EXERCISE PROMPT. Give back, exactly and with nothing else, the lines running from the one that contains "一、第十五周抽查到课率情况通报" to the end of the entries below; do not include pictures.

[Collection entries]
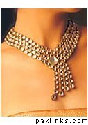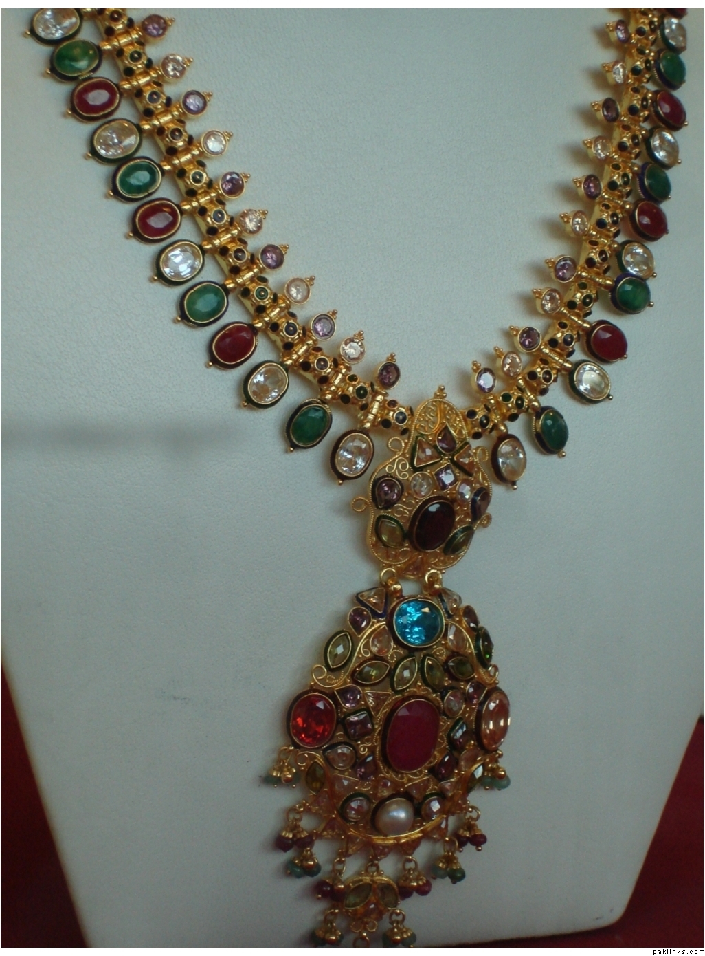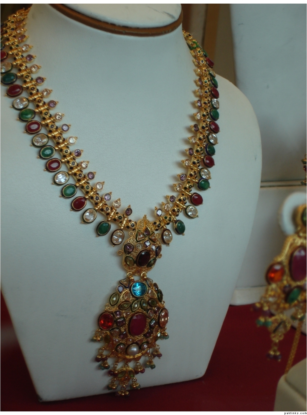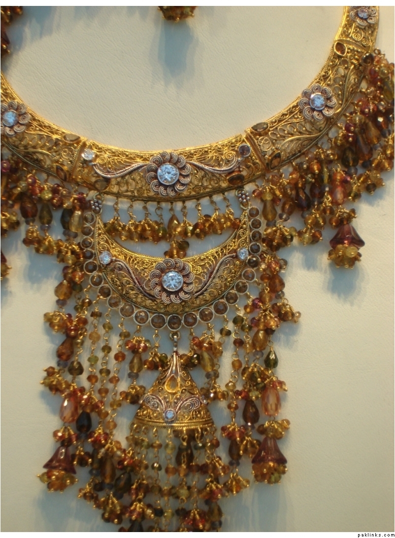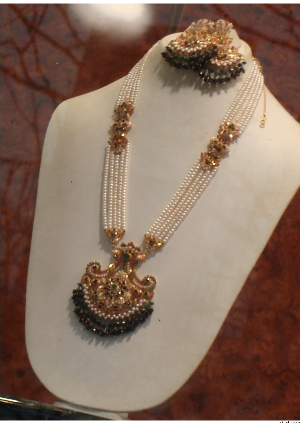 this is one colour of my shaadi lehnga for which i need jewellery…the other colour is red…but as most of the lehnga is red and only lehnge ka niiche waala hissa teapink hai aur dupatte me thoda sa teapink hai…i was thinking to go with gold n teapink?..or has someone else a better option??..need help..thx..if u could post pix of jewellery which could go with it would be very nice..but i dont like these haars with the drops hanging under..
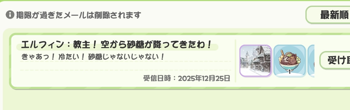 | … | 4525/12/25(木)10:12:27 ID:ipig1ftINo.1385953392+>ブッシュドノエルどこで手に入るんだろうと思ったらルードのパックにくっついてたにゃん >そこ!? 1つは無料で貰えるから推しの使徒と食べるにゃん |
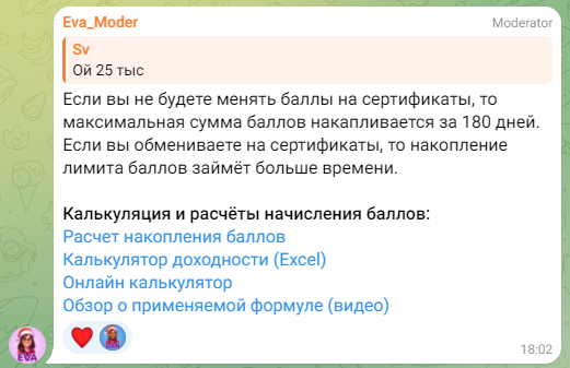 Заявки на обмен баллов на сертификаты принимаются по понедельникам до 14:00, выдача сертификатов производится по пятницам. Стоимость выпуска второй карты повышается на 25% от номинала, а перевыпуск обойдется дороже на 10% от полной цены предыдущей карты.
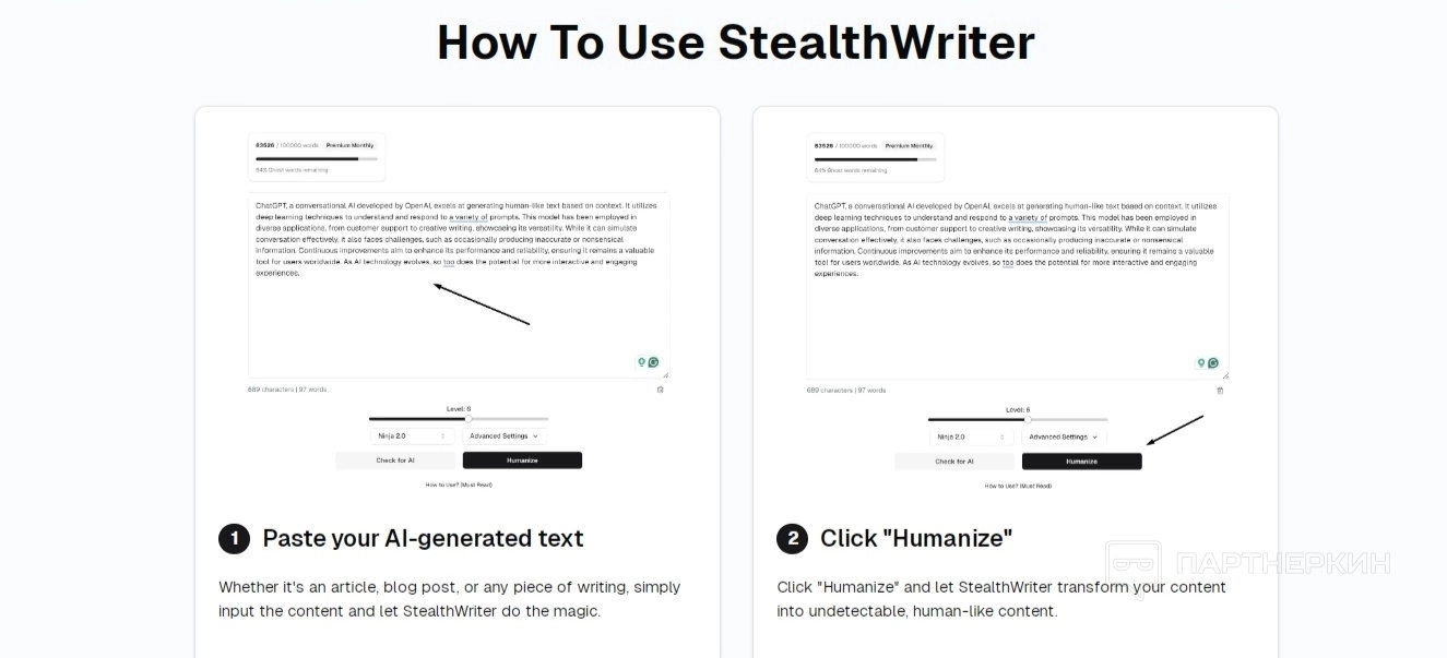 - Humanizer — инструмент гуманизации текстов и перефразирования контента для повышения уникальности, читабельности и целостности.
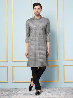 Men Pink Embroidered Sequins Cotton Chanderi Straight Kurta
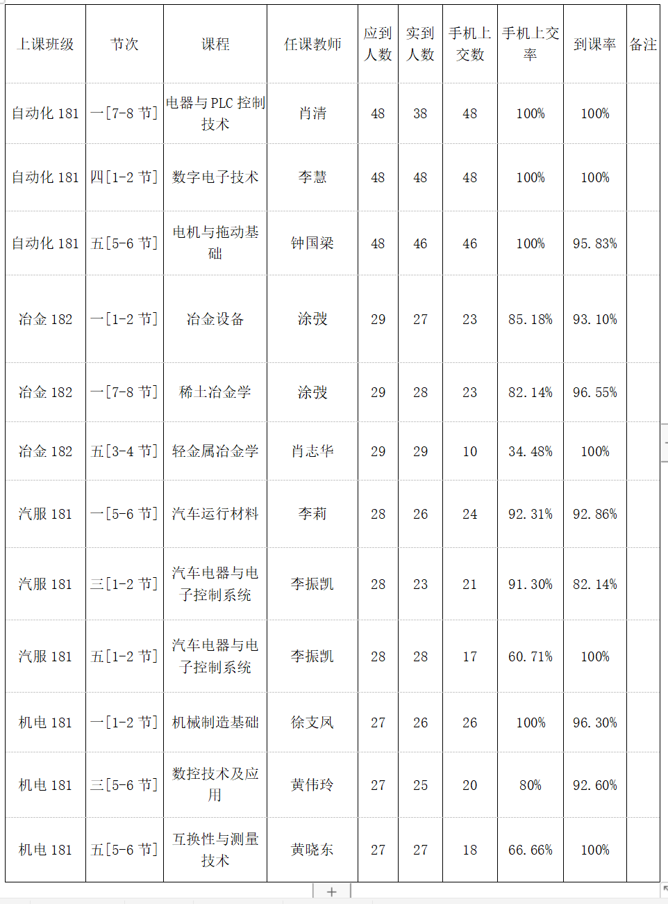 一、第十五周抽查到课率情况通报
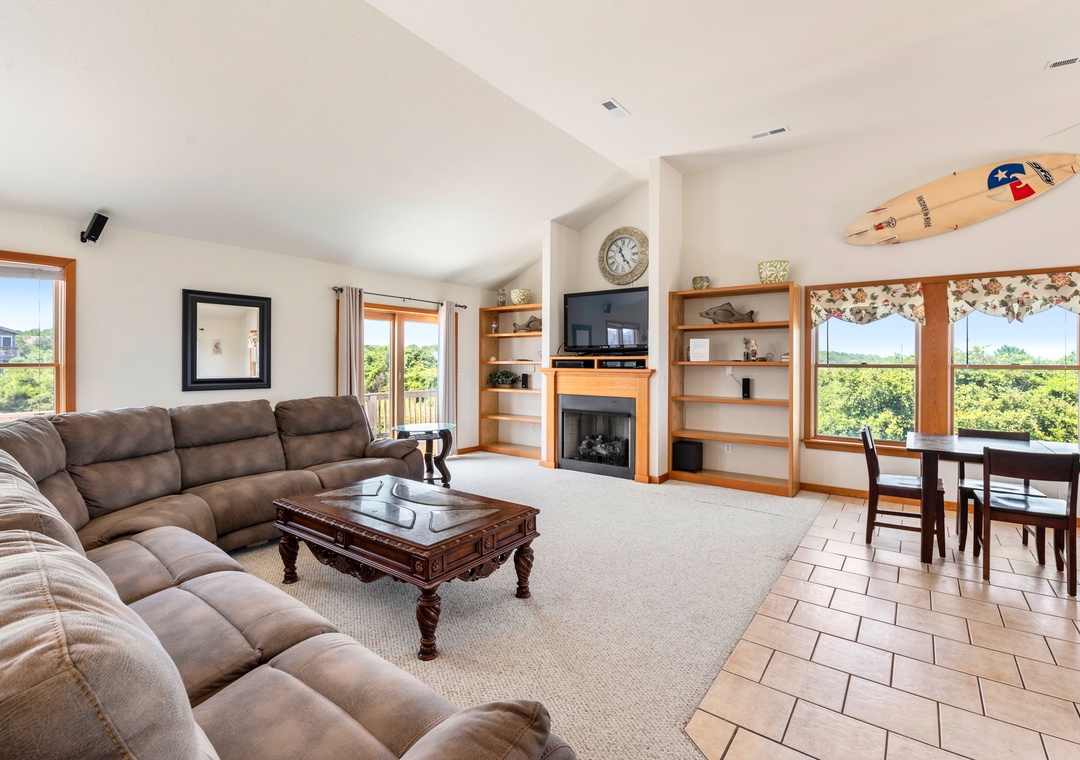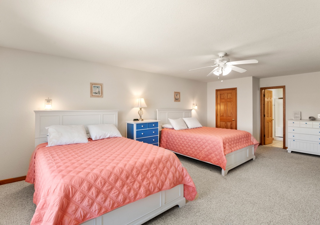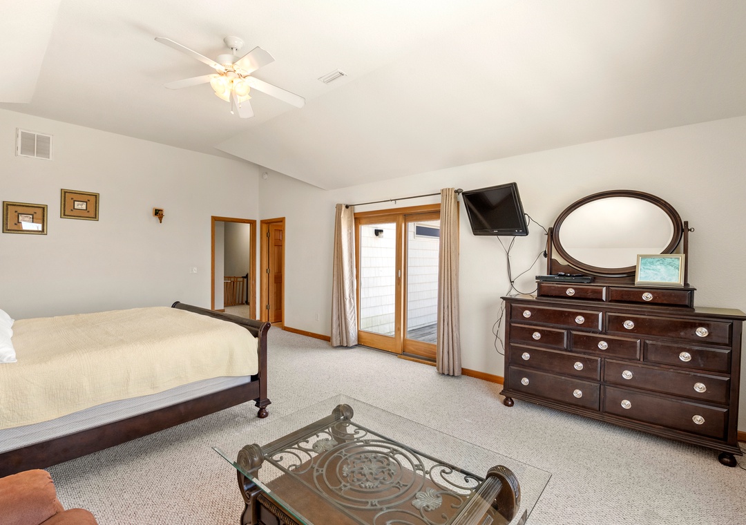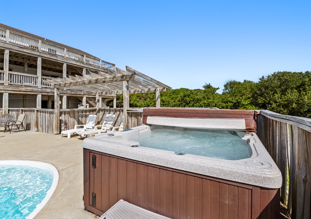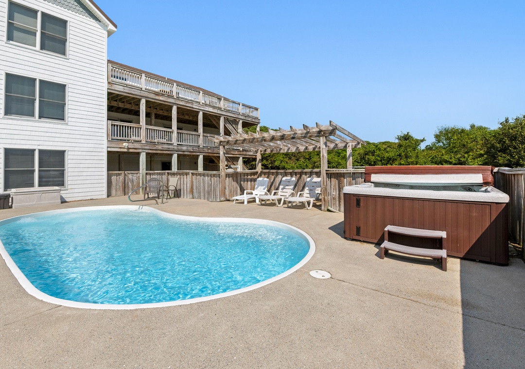 With over 6,300 square feet of indoor living space, there's room for the whole family to stay under one roof at Bohemian Breeze. Even the four-legged members of your tribe can join you at this dog-friendly retreat. The mid-level includes four additional ensuite bedrooms, all of which have deck access for effortless indoor/outdoor flow. There's also a den with diner-style booth seating and a wet bar with additional full-size fridge. Downstairs, the ground level is dedicated to fun and recreation. Host a movie night in the media room with tiered seating and a massive screen for an authentic theater experience without leaving the house. A large game room is furnished with a pool table and foosball table for hours of indoor entertainment. Keep up your fitness routine in the adjoining room with exercise equipment. Just outside, the backyard will be the hub of your family vacation. After a day at the beach, come home and splash in the 26' x 13' private pool, or challenge family and friends to a tournament on the volleyball court. If you've had enough action for one day and just need to unwind, take a relaxing soak in the bubbly hot tub.

OUTPUT OF THE TASK.
 一、第十五周抽查到课率情况通报
 With over 6,300 square feet of indoor living space, there's room for the whole family to stay under one roof at Bohemian Breeze. Even the four-legged members of your tribe can join you at this dog-friendly retreat. The mid-level includes four additional ensuite bedrooms, all of which have deck access for effortless indoor/outdoor flow. There's also a den with diner-style booth seating and a wet bar with additional full-size fridge. Downstairs, the ground level is dedicated to fun and recreation. Host a movie night in the media room with tiered seating and a massive screen for an authentic theater experience without leaving the house. A large game room is furnished with a pool table and foosball table for hours of indoor entertainment. Keep up your fitness routine in the adjoining room with exercise equipment. Just outside, the backyard will be the hub of your family vacation. After a day at the beach, come home and splash in the 26' x 13' private pool, or challenge family and friends to a tournament on the volleyball court. If you've had enough action for one day and just need to unwind, take a relaxing soak in the bubbly hot tub.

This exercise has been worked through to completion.